But that was never how Trump saw any IG. During a six-week period in April and May 2020, Trump fired five IGs, including Michael Atkinson--his own appointee. Atkinson had determined that Congress should see the "credible" and "urgent" whistleblower complaint that led eventually to Trump's first impeachment. Then he alerted the Congress that Trump's director of national intelligence had withheld that complaint from lawmakers.
June 2020: Following the police murder of George Floyd, the Secret Service helped to clear Black Lives Matter protesters from Lafayette Square for Trump's photo op--where he held up a Bible. Ten days later, career staffers in Cuffari's office proposed an investigation into whether the Service had violated its use-of-force policies. Cuffari blocked the probe.

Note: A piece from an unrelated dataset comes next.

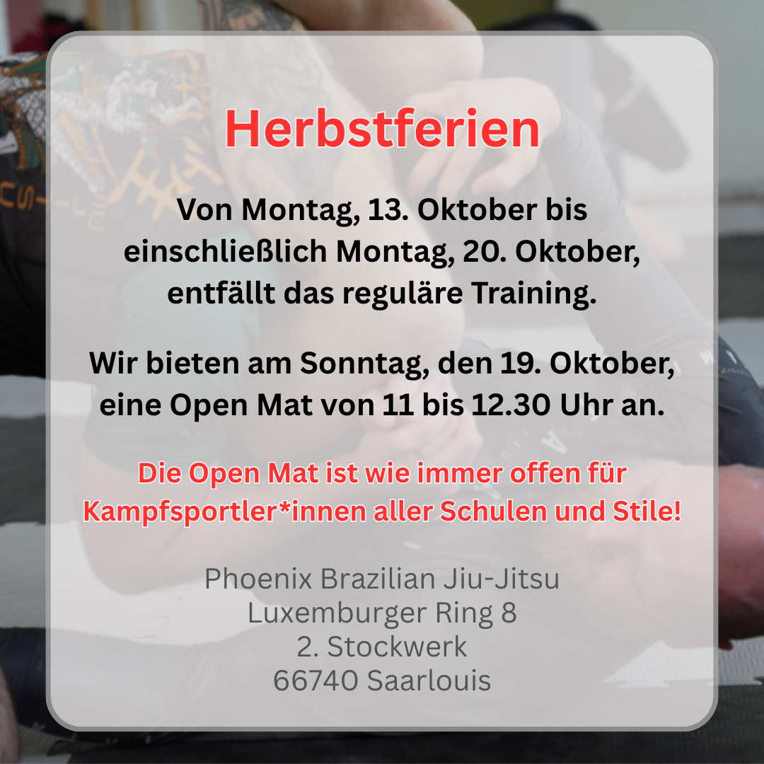 Von Montag, 13. Oktober bis einschließlich Montag, 20. Oktober findet kein reguläres Training statt. Dafür bieten wir eine Open mat…
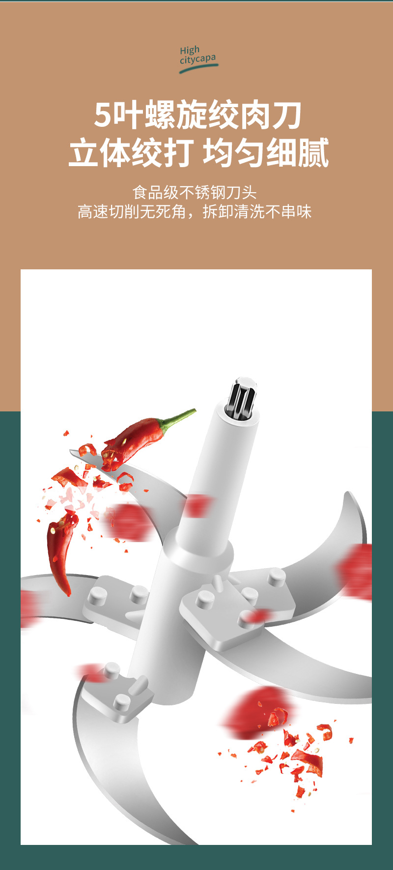 Xinchangtai 5L 스틸 컵 스터핑 머신 및 국수 다기능 다진 고기 마늘 후추 믹서 가정용 고기 분쇄기

August 2020: While protecting Trump and Vice President Mike Pence during campaign rallies and appearances, dozens of Secret Service agents contracted COVID-19. Cuffari sought to limit--and then ultimately shelved--an investigation into whether the Service ignored federal protocols to detect and reduce the spread of the pandemic within its workforce.
The Missing Texts Timeline--So Far
In addition to protecting the nation's leaders, the Secret Service possesses the world's leading cybersecurity expertise. But now it claims to have botched a standard technological exercise.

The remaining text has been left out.